Top of Information shown
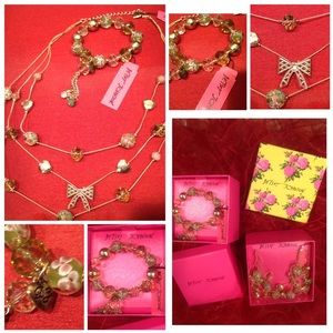 Betsy Johnson multi-row Necklace, flowery bracelet
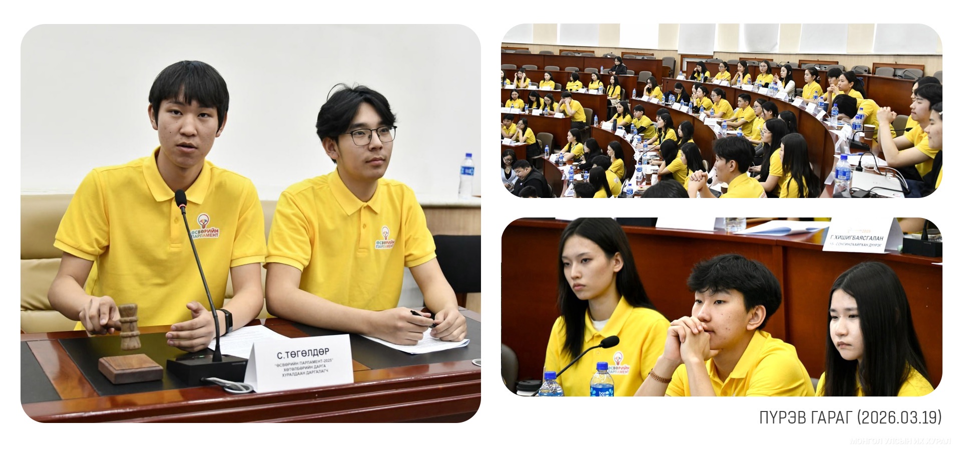 “Өсвөрийн парламент-2025” хөтөлбөрт оролцогчдо хууль тогтоох үйл явцын үе шат, хэлэлцүүлэг, санал хураалтын үйл ажиллагааг бодитоор туршуулах зорилгоор “Загвар чуулган”-ы хуралдааныг зохион байгууллаа. “Загвар чуулган”-ы хуралдаанд танхимаар 70, цахимаар 56 гишүүн оролцож, “Усны нөөцийн судалгаа, хамгаалал, усны нөөцийн нэгдсэн менежментийн асуудал”, “Ус ба тэгш эрх”, “Сургуулийн орчин дахь усан хангамж, ариун цэвэр, эрүүл ахуй” сэдвээр мэдээлэл сонсохын зэрэгцээ асуулт асууж, байр сууриа илэрхийллээ... https://www.parliament.mn/nn/76852/
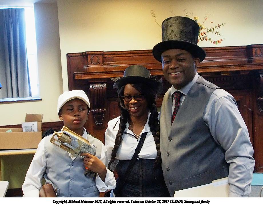 Picture #40: Steampunk family Thumb: 460x345, 50,659 bytes (50K) Small: 920x713, 123,508 bytes (121K), (html file) Large: 4600x3450, 7,277,688 bytes (6.9M), (html file) Copyright, Michael Meissner 2017, All rights reserved Olympus E-M5-I camera with Olympus-m43 12-50mm f/3.5-6.3 lens f/3.5, ISO 2000, 1/60 sec, 12.0mm, auto mode, vivid color, matrix metering, digital zoom x2, IS1 (All Direction Shake IS), noise filter low 35mm equivalent focal length 48.0mm, digital zoom x2 Programs used: crop, gimp, raw therapee Taken by Michael Meissner on October 28, 2017 15:33:50 Last modified on April 25, 2018 at 10:11 |
Bottom of Information shown
▸ **What you are asked to do**
Where a picture appears, omit it, and otherwise retype the material exactly.

▸ **Answer to this exercise**
 Betsy Johnson multi-row Necklace, flowery bracelet
 “Өсвөрийн парламент-2025” хөтөлбөрт оролцогчдо хууль тогтоох үйл явцын үе шат, хэлэлцүүлэг, санал хураалтын үйл ажиллагааг бодитоор туршуулах зорилгоор “Загвар чуулган”-ы хуралдааныг зохион байгууллаа. “Загвар чуулган”-ы хуралдаанд танхимаар 70, цахимаар 56 гишүүн оролцож, “Усны нөөцийн судалгаа, хамгаалал, усны нөөцийн нэгдсэн менежментийн асуудал”, “Ус ба тэгш эрх”, “Сургуулийн орчин дахь усан хангамж, ариун цэвэр, эрүүл ахуй” сэдвээр мэдээлэл сонсохын зэрэгцээ асуулт асууж, байр сууриа илэрхийллээ... https://www.parliament.mn/nn/76852/
 Picture #40: Steampunk family Thumb: 460x345, 50,659 bytes (50K) Small: 920x713, 123,508 bytes (121K), (html file) Large: 4600x3450, 7,277,688 bytes (6.9M), (html file) Copyright, Michael Meissner 2017, All rights reserved Olympus E-M5-I camera with Olympus-m43 12-50mm f/3.5-6.3 lens f/3.5, ISO 2000, 1/60 sec, 12.0mm, auto mode, vivid color, matrix metering, digital zoom x2, IS1 (All Direction Shake IS), noise filter low 35mm equivalent focal length 48.0mm, digital zoom x2 Programs used: crop, gimp, raw therapee Taken by Michael Meissner on October 28, 2017 15:33:50 Last modified on April 25, 2018 at 10:11 |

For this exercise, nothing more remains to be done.